## Exercise requirements
Please transcribe only the lines from the one holding "Similarly, we can" through the final line of the data, both included, with no pictures.

## Input
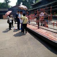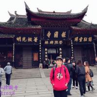 下山后游览的景点,峨眉山报国寺的寺院很大,香火鼎盛,可以在寺院门口看到云游的僧人。园中鲜花绽放,在细雨中清香阵阵。可以在寺内法物流通处请平安回家。去峨眉山,一定不要错过报国寺,千百年来峨眉山开山第一寺,皇家寺院,门票8元,有不少佛教导游讲解,帮你了解佛教知识。
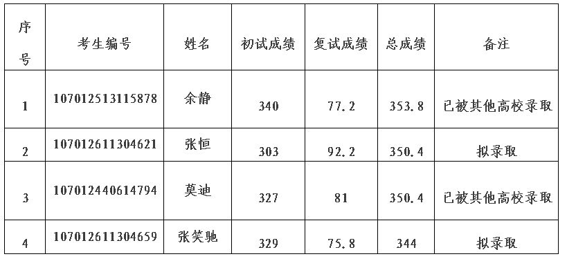 因公司指标调整,现追加2个电子信息专业招生计划,根据MK体育硕士研究生复试录取办法,现按照电子信息专业一志愿考生总成绩排名顺次递补,公示结果如下:
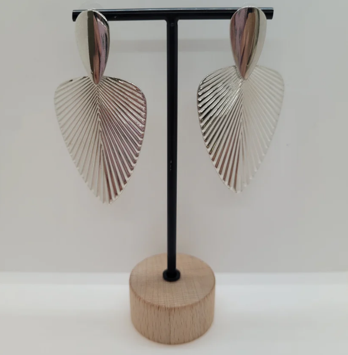 Pendientes de metal plateado con un diseño moderno. Tienen una parte superior curva y una inferior en forma de abanico con surcos finos, ofreciendo un estilo elegante y minimalista.
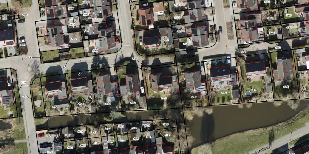 Het perceel waarop Waarman 2 staat heeft een oppervlakte van 614 m². Dit is een groot perceel. De perceeloppervlakte wordt geregistreerd door het Kadaster. Gedetailleerde informatie over de maten van dit perceel kunt u vinden in het rapport Kadastrale kaart met maatvoering van Waarman 2.
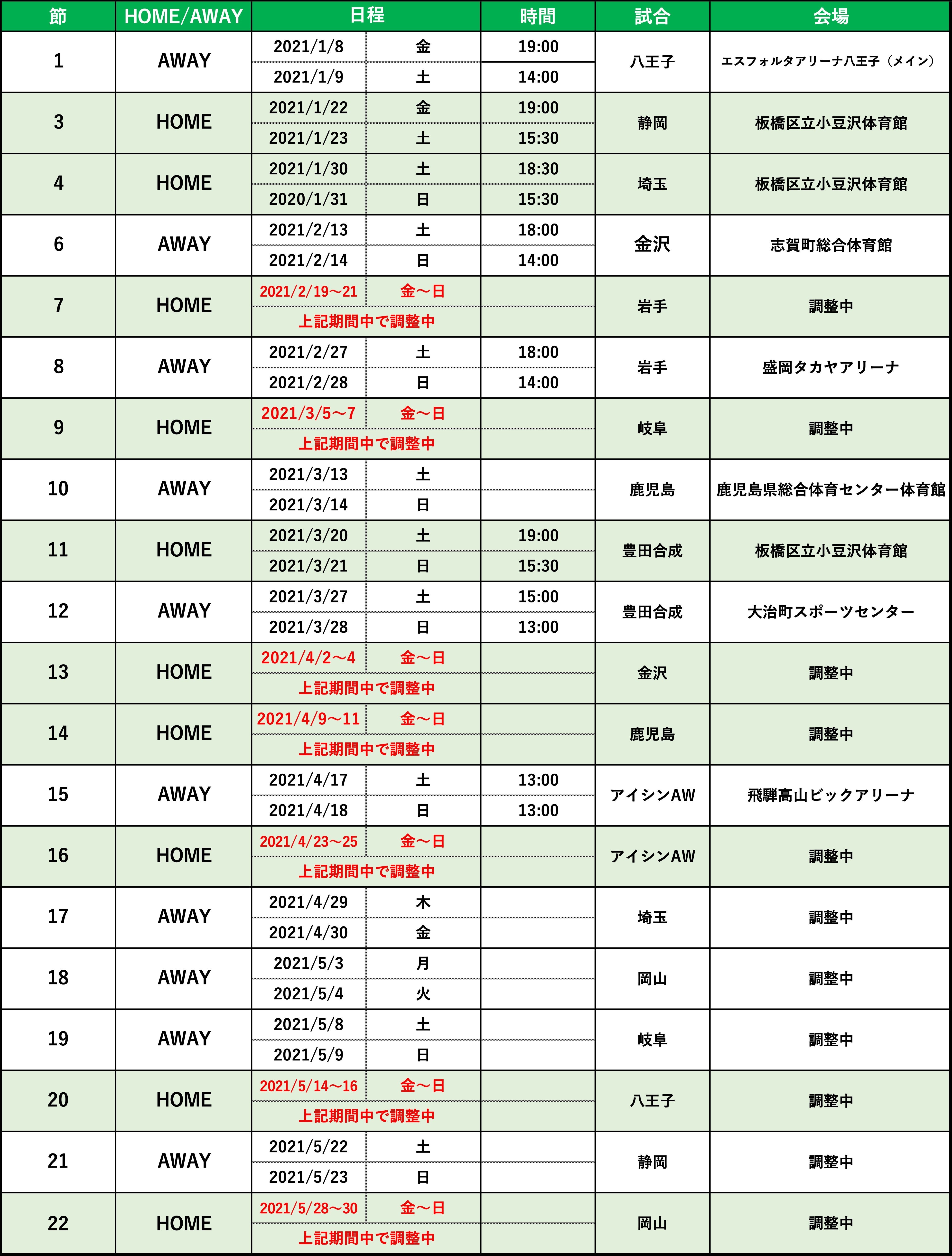 ホームゲームの赤字になっております日程は、記載の期間内で調整中となります。
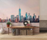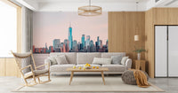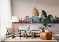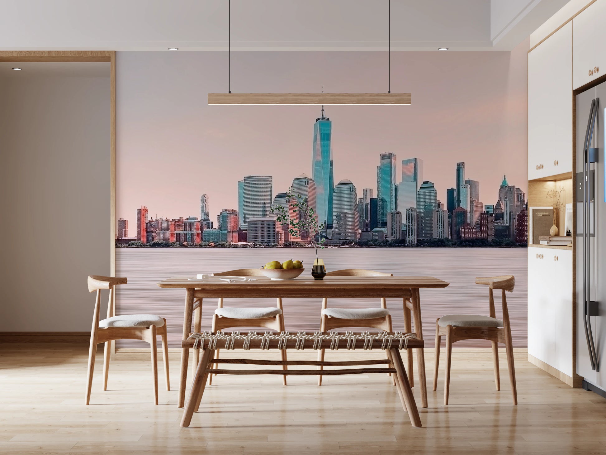 Transform your space with this serene cityscape featuring the iconic New York City skyline. The soft, muted color palette of pinks, blues, and grays creates a calm and sophisticated atmosphere. The gentle water reflections add a sense of tranquility, making it suitable for bedrooms, living rooms, or even home offices. This wallpaper for walls brings the beauty of urban landscape to any room, enhancing it with a touch of modern elegance and understated grandeur. It works beautifully as a feature wall, instantly adding depth and visual interest to interior spaces.
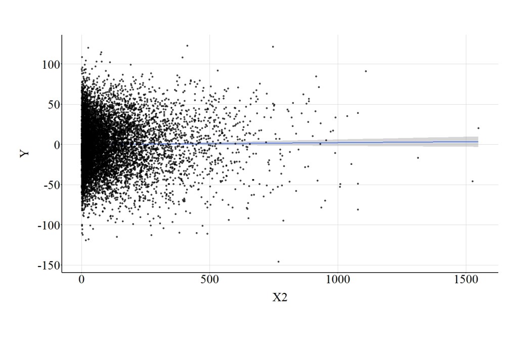 Similarly, we can multiply X by 20 to observe the effects on the association between X_Re2 and Y. Similar to the first example, the magnitude of the association between X_Re2 and Y is identical to the association between X and Y, which is demonstrated in both the test statistics and Figure 9. Specifically, the spearman correlation was .31, the t-score was 35.143, and the X2-square score was 1235.034.
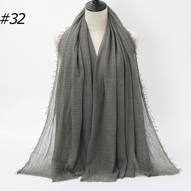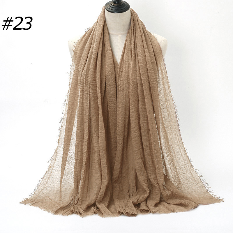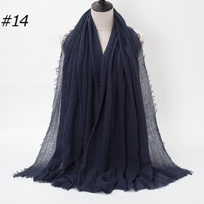 단색 심플 내추럴 주름진 면마 소재 여성용 머리 스카프, 테슬 마감, 주름진 단색 면 스카프, 다용도스토어 가기

## Exercise output
 Similarly, we can multiply X by 20 to observe the effects on the association between X_Re2 and Y. Similar to the first example, the magnitude of the association between X_Re2 and Y is identical to the association between X and Y, which is demonstrated in both the test statistics and Figure 9. Specifically, the spearman correlation was .31, the t-score was 35.143, and the X2-square score was 1235.034.
 단색 심플 내추럴 주름진 면마 소재 여성용 머리 스카프, 테슬 마감, 주름진 단색 면 스카프, 다용도스토어 가기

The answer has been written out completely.